About this exercise: Retype the entries, please, from their first line to the line containing "アルコール度数78度の泡盛「", exactly and only those lines, minus the pictures.

+---+

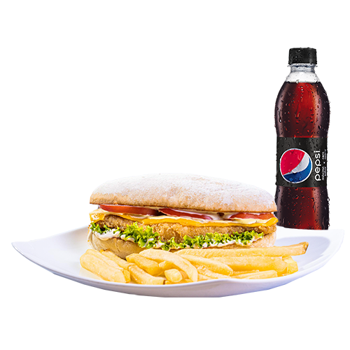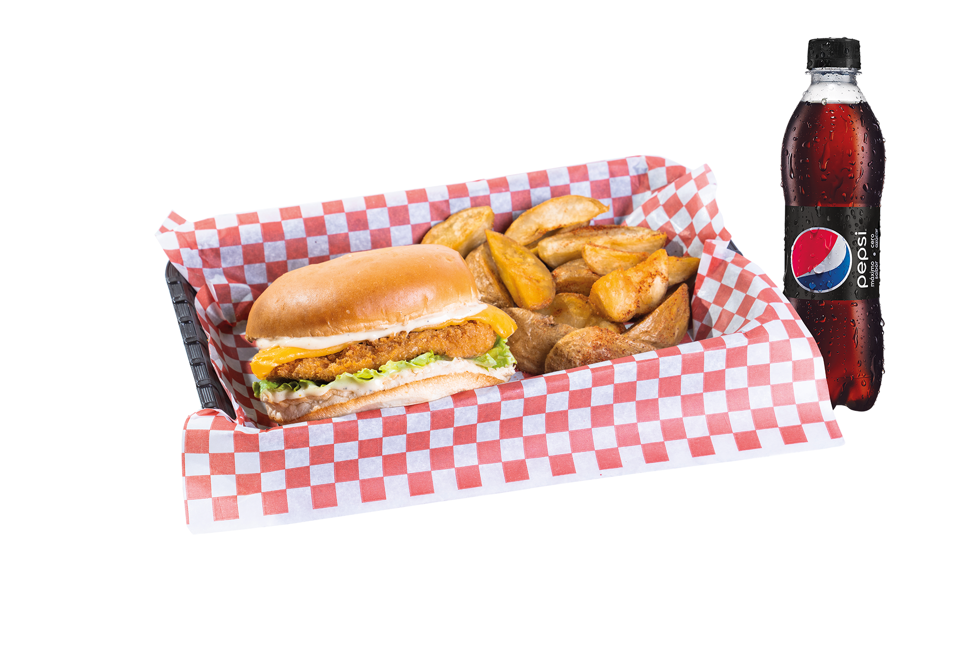 Milanesa de Pechuga de Pollo Apanada, queso tipo sabana, salsa de la casa en Pan de Papa, acompañado de papas artesanales y bebida persona.
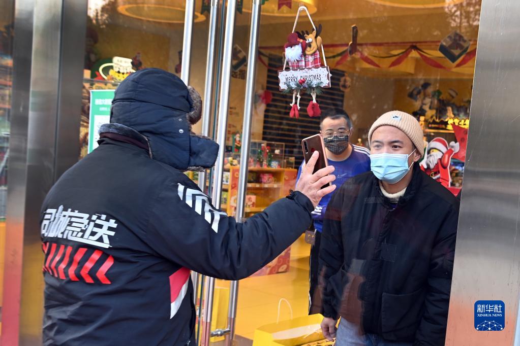 12月26日,市民在西安市朱雀路一家超市購(gòu)買(mǎi)生活物資。新華社記者 陶明 攝
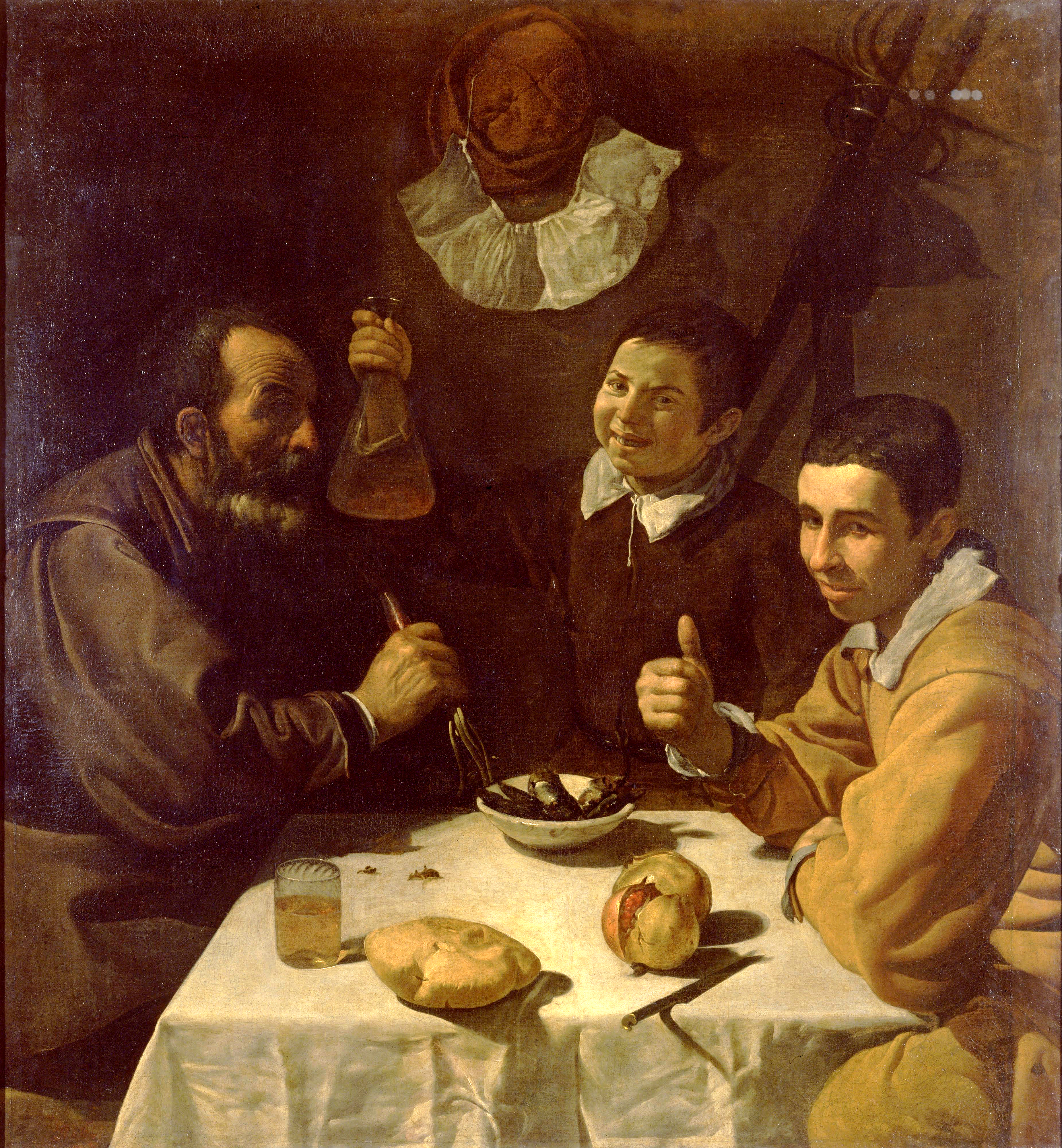 Un hombre de edad avanzada –cuya pobre ropa, al igual que su perfil anguloso, parecen quedar ennoblecidos por la luz incidente- está dando a un chiquillo un vaso de agua, que adquirirá más frescura al añadirle un higo (ver detalle). El énfasis con el que las dos jarras acaparan el primer plano, brillando a la luz; el resplandor de las gotas de agua sobre la pared de la vasija de mayor tamaño y la preciosa transparencia de la copa, todo esto se corresponde con la cualidad corporal e intelectual de los tres personajes. Pero, por muy digna que resulte la composición, el observador coetáneo no podría pasar por alto un momento burlesco: el cuadro de Velázquez recuerda una escena de novela picaresca, un género literario muy popular en el siglo XVII, que –como las novelas ejemplares de Cervantes- era un fiel reflejo de la sociedad española de la época.
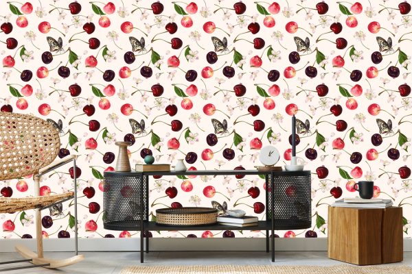 Papier Peint Pour La Cuisine, Les Fruits, Les Cerises, Les Fleurs, Les Papillons
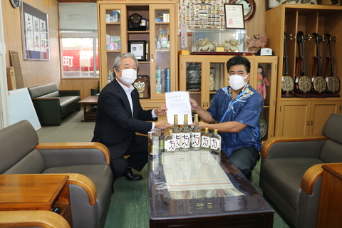 アルコール度数78度の泡盛「花酒七十八度」600ml240本、長命酢180ml350本を新型コロナウィルス感染症の予防に役立ててほしいと崎元酒造所が与那国町へ寄贈。
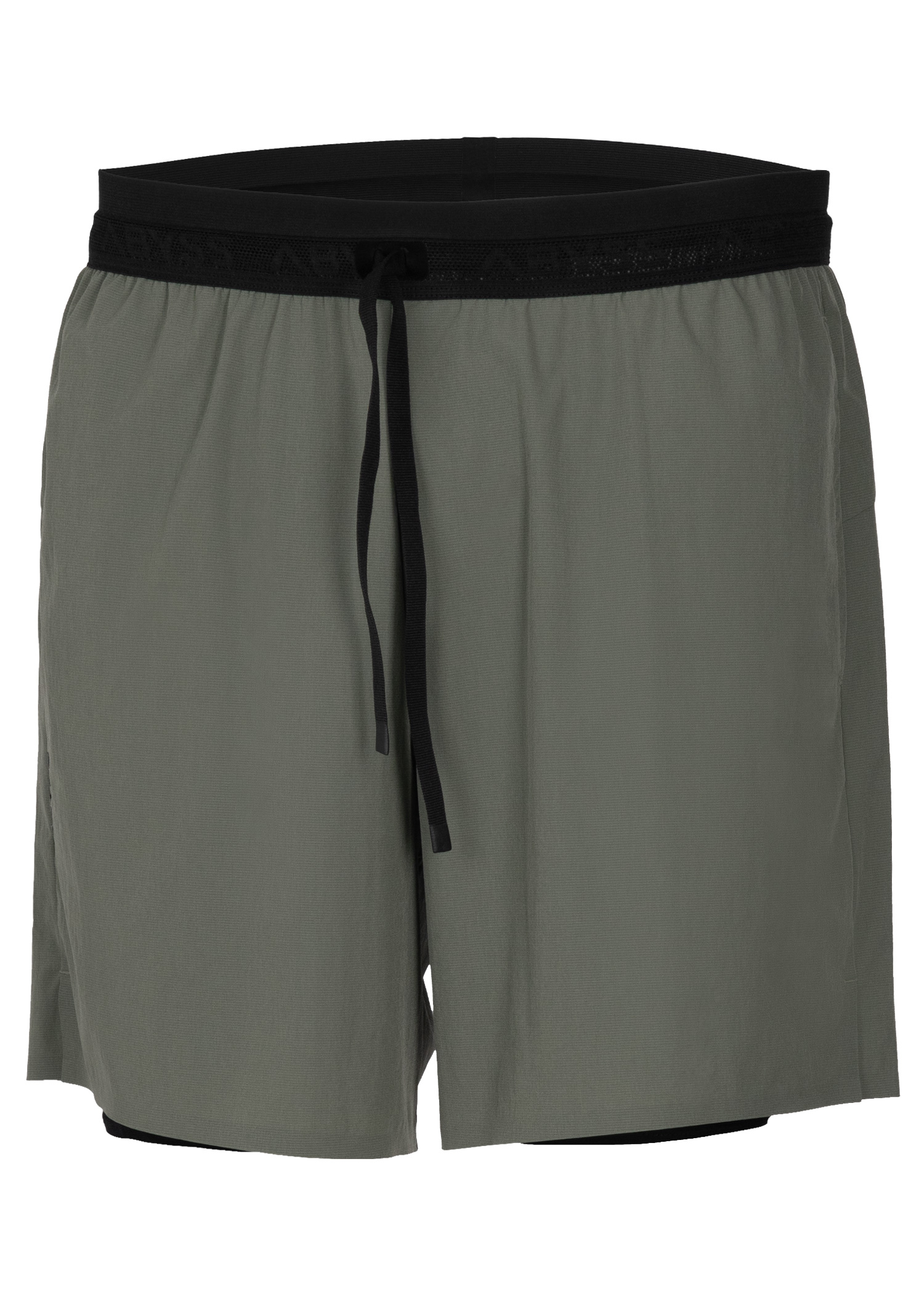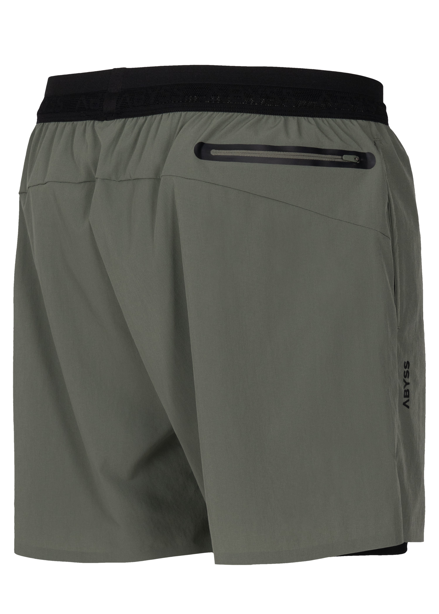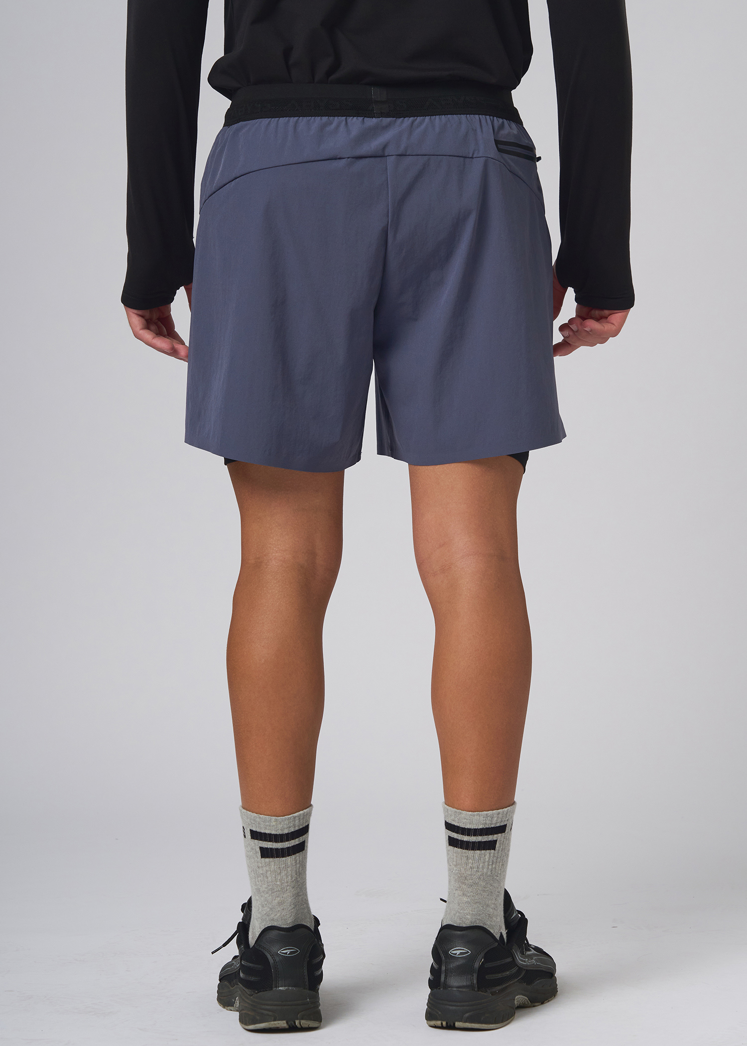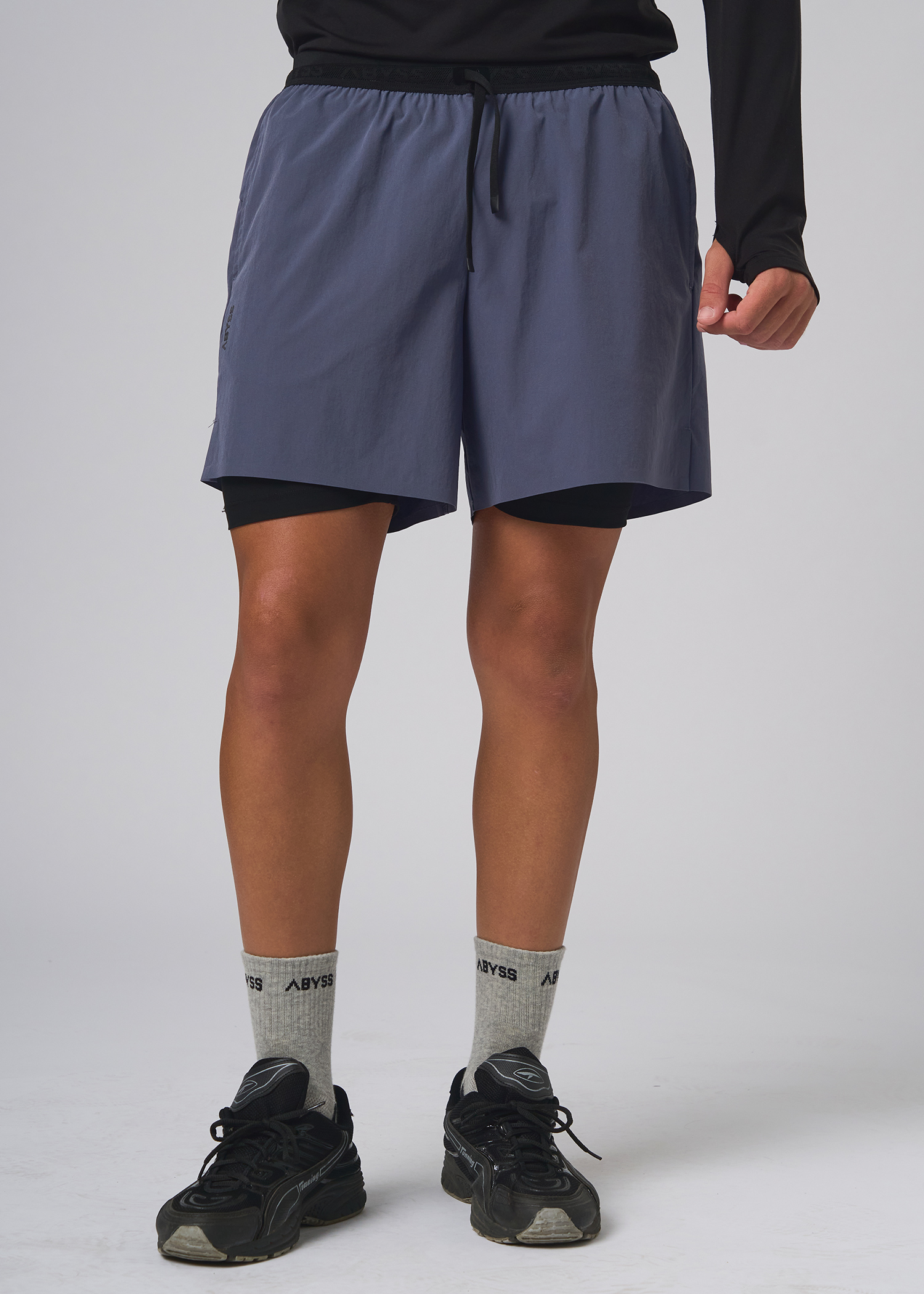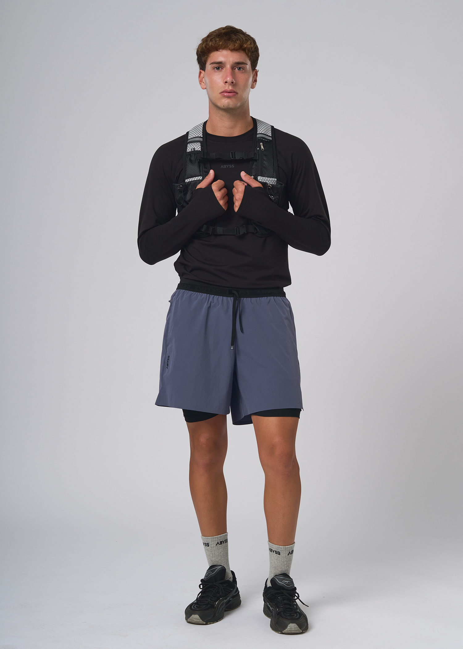 Nylon fantasia con spandex. Bermuda con elástico y cordón ajustable, bolsillos delanteros y trasero termosellado con cierre. Calza interna con silicona antideslizante en pierna. Logo termosellado.

+---+

Result of this task:
 Milanesa de Pechuga de Pollo Apanada, queso tipo sabana, salsa de la casa en Pan de Papa, acompañado de papas artesanales y bebida persona.
 12月26日,市民在西安市朱雀路一家超市購(gòu)買(mǎi)生活物資。新華社記者 陶明 攝
 Un hombre de edad avanzada –cuya pobre ropa, al igual que su perfil anguloso, parecen quedar ennoblecidos por la luz incidente- está dando a un chiquillo un vaso de agua, que adquirirá más frescura al añadirle un higo (ver detalle). El énfasis con el que las dos jarras acaparan el primer plano, brillando a la luz; el resplandor de las gotas de agua sobre la pared de la vasija de mayor tamaño y la preciosa transparencia de la copa, todo esto se corresponde con la cualidad corporal e intelectual de los tres personajes. Pero, por muy digna que resulte la composición, el observador coetáneo no podría pasar por alto un momento burlesco: el cuadro de Velázquez recuerda una escena de novela picaresca, un género literario muy popular en el siglo XVII, que –como las novelas ejemplares de Cervantes- era un fiel reflejo de la sociedad española de la época.
 Papier Peint Pour La Cuisine, Les Fruits, Les Cerises, Les Fleurs, Les Papillons
 アルコール度数78度の泡盛「花酒七十八度」600ml240本、長命酢180ml350本を新型コロナウィルス感染症の予防に役立ててほしいと崎元酒造所が与那国町へ寄贈。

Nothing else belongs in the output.